Siendo niño ya jugaba a ‘los misioneros’. Y a ‘los mártires’. La muerte que sufrió su tío, mosén Lluís Plá, fusilado en la Guerra Civil junto a dos sacerdotes cuando él tenía ocho años, también le marcó profundamente. Además, unos años más tarde, en su época de formación en Barbastro, se impregnó de la espiritualidad del martirio. Por todo esto, cuando en los años setenta comenzaron a llegar las noticias del Mato Grosso del Brasil, y se aseguraba que el obispo Casaldáliga estaba amenazado de muerte, ninguno de los que le conocían desde siempre se extrañó. “¡Igual que de pequeño!”, pensaron sus compañeros más cercanos. Así es Dom Pedro Casaldáliga. Muchas veces inconforme y radical. Y aunque la historia dice que en los primeros tiempos de nuestra fe ser cristiano y ser mártir eran sinónimos, hoy seguimos dando gracias a Dios por su vida. Porque muchos cristianos no nos entendemos sin lo que a través suyo hemos recibido en estos noventa años tan plenos de coherencia, hondura espiritual y sencillez.
Noventa años que dan para mucho. Setenta y tres de ellos como misionero claretiano. Hacer el noviciado junto al sepulcro del Fundador Claret, es decir, hacer un noviciado misionero, desemboca en evangelizar al mundo. Un impulso carismático que Pedro Casaldáliga ya no pudo rechazar. Le crecía a borbotones el celo apostólico. “Siempre las misiones”, recuerda. “¡Las benditas misiones que yo pedía con machacona insistencia a Dios y a los superiores, y por las que habría de esperar hasta los redondos cuarenta!”
De aquellos capullos –diría el Padre Claret–, han podido nacer estas rosas. Y Pedro Casaldáliga estaba a punto de conseguir, por fin, “lo que había soñado y pedido y buscado, rabiosamente, durante todos los días de mi vida de vocación: las Misiones”. Fue por aquellos años (1966 y 67) cuando más crecía en la congregación claretiana la urgencia de renovación conciliar, y se multiplicaron los estudios sobre el carisma claretiano. Pedro anduvo en eso y participó en el primer capítulo general de renovación que la congregación celebró en Roma durante el otoño de 1967.
Y allí le llegó a Pedro la hora tantos años deseada de ser destinado a la Misión universal. Lo cuenta así su superior provincial de entonces (el primero de la provincia de Aragón), P. Eleuterio Briongos: “Un obispo del Brasil pedía insistentemente al provincial brasileño de los claretianos algunos misioneros para una extensa zona desatendida en la región del Mato Grosso. Aquel provincial llevó esa petición a Roma y el padre General la ofreció a la entonces llamada Provincia de Aragón –hoy Provincia de Santiago–. Allí mismo se ofreció Casaldáliga”. O sea, que el primer Capítulo General que ‘desencadenó’ en Roma el proceso claretiano de renovación conciliar dio pie a Pedro ‘misionero en Brasil’.
Misionero-obispo, pues aceptó pastorear al pueblo de São Felix do Araguaia para ser más misionero en aquel mundo.
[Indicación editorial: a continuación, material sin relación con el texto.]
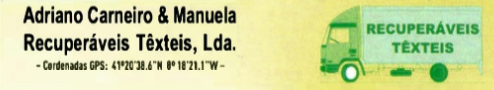 Adriano Carneiro & Manuela Recuperáveis Têxteis, Lda Automóveis / PortalGeraldoConselho Ver todos... Detalhes do contacto Rua da Costa,446Porto,4620-861 Lustosa - Lousada 253586595 geral@adrianocarneiro.pt Facebook Twitter Google+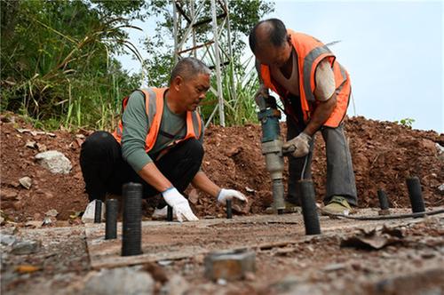 10月31日,内江市东兴区田家镇省道426线,该区公路养护中心组织专业施工人员安装大型道路标识标牌,为过往车辆导航指路。

Y comenzó bajo amenazas de muerte por su fidelidad a la misión profética de vivir y anunciar testimonialmente el evangelio liberador de los excluidos y esclavizados por el inhumano sistema de vida y de poder vigentes “bajo la Ley suprema del revólver 38, y la muerte señoreando”. Fueron ellos “una Iglesia perseguida” y Pedro asegura: “Me atrevería a apelar al Señor Jesús para justificar que no fue petulancia. Reconozco, eso sí, que era una especie de fatal vocación personal. Uno ha abierto los ojos a la fe y ha crecido en la vocación cercado de sangre. Y este destino personal ha encajado connaturalmente y sobrenaturalmente en este lugar del Tercer Mundo y en esta larga hora de martirios. Después, yo he entendido mejor hasta qué punto la conflictividad ha de formar parte esencial de la vida de la Iglesia, como forma parte de la vida de Jesús. Una Iglesia viva es una agonía por el Reino”.
A mediados de los años 80 recibe el diagnóstico médico de enfermedad de Párkinson. ‘El hermano Párkinson’, como él la llama. A día de hoy, muchas personas que compartieron con él importantes etapas de su vida han muerto y otras tantas viven atrapadas en existencias duras, posiblemente también con dolencias físicas.
A los 90 años las marcas de la vejez en Pedro Casaldáliga son mucho más que aparentes. Sus reacciones se han vuelto más lentas y ha de administrar las energías pero, con todo, sabemos que Pedro no se encuentra para nada “viejo” en el peor sentido de la palabra. No es viejo, pues mantiene una mirada amplia y una sensación vívida -y vivida- de cuáles son las causas que llenan de sentido toda su trayectoria.